Another Curve Ball from Iran on U.S. Prisoners

COMMENTARY Middle East

Another Curve Ball from Iran on U.S. Prisoners

Feb 3, 2010 1 min read
COMMENTARY BY

Former Visiting Fellow, Allison Center

James Phillips was a Visiting Fellow for Middle Eastern affairs at The Heritage Foundation.

In addition announcing the launch of a research rocket, three Iranian-made satellites, and a tactical shift on a proposed International Atomic Energy Agency deal on uranium, President Mahmoud Ahmadinejad threw another disingenuous curve ball yesterday by claiming that talks were underway with the United States for an exchange of prisoners.
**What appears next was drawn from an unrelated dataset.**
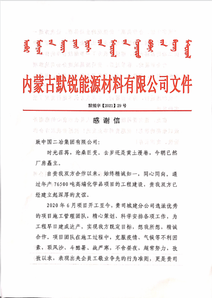 4月19日,內蒙古默銳能源材料有限公司向中國二冶發(fā)來感謝信,對在合作過程中所見證的中國二冶作為央企的實力擔當,以及用實際行動踐行的“一天也不耽誤,一天也不懈怠”的企業(yè)精神給予高度贊揚;對城建分公司領導給予該工程的高度重視、大力支持表示衷心感謝;對承擔該工程建設任務的達旗項目部全體工作人員以優(yōu)秀的專業(yè)素質和過硬的技術水平,保證項目的順利進行給予充分肯定和高度贊揚。

In an interview on state television Tuesday, Ahmadinejad was asked about the fate of three American hikers detained in Iran and claimed that the United States, not Iran, was at fault: “They have arrested our citizens for nothing… this is very bad… now there are talks whether it is possible to do an exchange” of prisoners.

The White House on Tuesday denied it had held “any discussion” with Iran about a possible prisoner swap. Iran is holding a number of US citizens in custody, including three American hikers — Sarah Shourd, Josh Fattal and Shane Bauer — arrested after mistakenly wandering over the Iraq border into Iranian territory last year. Iran has repeatedly rejected outside efforts to gain access to the three hikers to confirm that they are being held in good conditions.
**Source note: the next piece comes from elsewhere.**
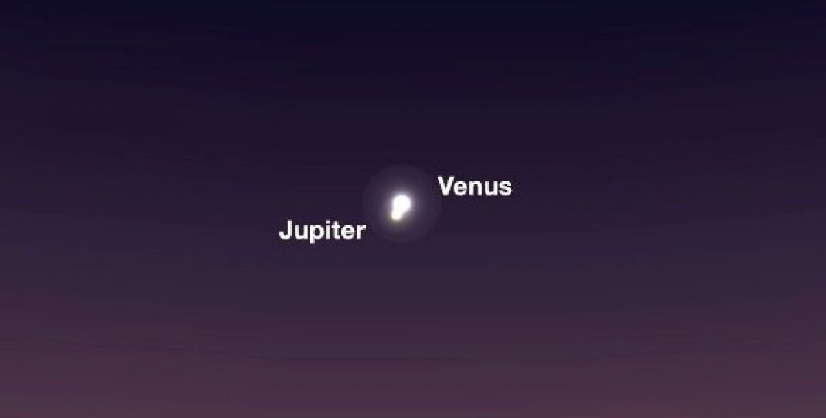 Strălucirea lui Jupiter, cea mai mare planetă, și a lui Venus, cea mai strălucitoare planetă, creează o imagine spectaculoasă.

Among the 11 Iranians that Iran alleges are “illegally” detained in the United States is nuclear scientist Shahram Amiri who disappeared in Saudi Arabia while on pilgrimage to Mecca last year. Iranian officials have accused Washington of kidnapping Amiri from Saudi Arabia, but the scientist, like others on Iran’s list, is believed to have defected from the increasingly repressive regime in Tehran. In addition to asserting a false equivalence between defectors and innocent hikers, Iran’s dictatorship also undoubtedly hopes to suggest that it is engaged in ongoing talks with the Obama Administration in order to demoralize the opposition movement which spontaneously sprang up to protest Iran’s sham elections last June. The opposition Green Movement has called for further demonstrations, including on the February 11th anniversary of Iran’s Islamist revolution.